By Murray Slovick, Contributing Editor
As automotive applications become more complex to meet demands, processing power and memory requirements are pushing the need for new automotive MCU architectures. One of the biggest needs is for larger embedded memories as firmware complexity and size increase dramatically.
A potential solution to these chip- and system-level challenges comes in the form of embedded phase-change memory (ePCM). ePCM, which uses a germanium-antimony-tellurium (GST) alloy, takes advantage of rapid heat-controlled changes in the material’s physical property between amorphous and crystalline states.
These states, which correspond to logic 0 and 1, are electrically differentiated by high resistance in the amorphous state (logic 0) and low resistance in the crystalline state (logic 1). Moreover, unlike flash-based memories that require at least a byte- or sector-erase cycle before reprogramming, ePCM technology offers single-bit alterability, which simplifies software handling of data storage.
At last month’s 64th International Electron Devices Meeting (IEDM2018) in San Francisco, STMicroelectronics presented architecture and performance benchmarks of a 16-Mb ePCM array for a 28-nm FD-SOI (fully depleted silicon-on-insulator) automotive MCU. ST said products based on ePCM are sampling now to key customers, with full technology qualification expected in 2020.
These MCUs—the world’s first to use ePCM—will target powertrain systems, advanced and secure gateways, safety/ADAS applications, and vehicle electrification.
“Having applied ST’s process, design, technology, and application expertise to ePCM, we’ve developed an innovative recipe that makes ST the very first to combine this non-volatile memory with 28-nm FD-SOI for high-performance, low-power automotive microcontrollers,” said Marco Monti, President Automotive and Discrete Group, STMicroelectronics. “With samples already in some lead customers’ hands, we’re confirming the outstanding temperature performance of ePCM and its ability to meet all automotive standards, further assuring our confidence in its market adoption and success.”
ST reported that its PCM technology has been developed and tested to operate within the stringent automotive requirements for robust high-temperature operation, radiation hardening, and data retention.
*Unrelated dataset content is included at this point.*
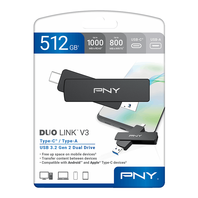 PNY DUO LINK™ V3 Type-C® OTG USB 3.2 Gen 2 Flash Drive is the ultimate on-the-go storage solution for advanced tech users. Enjoy extreme performance up to 1000MB/s read and up to 800MB/s write. Dual Type-A & Type-C connectors maximize compatibility to seamlessly manage files across host devices on up to 2TBs of storage space. With a premium metal swivel design for durability & portability.¹,²,³,⁴
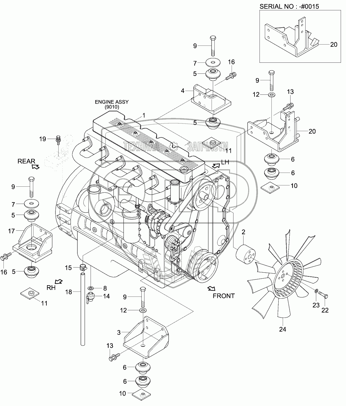 Каталог запасных частей к технике: Hyundai R330LC-9S. ENGINE MOUNTING

It achieves automotive requirements for AEC-Q100 Grade 0 with an operating temperature of up to +165°C.
In addition, ST said its technology assures firmware/data retention through high-temperature soldering reflow processes and immunity to radiation, for additional data safety. ST’s implementation also benefits from patented technology related to the memory cell and to the GST alloy to support high temperature data retention.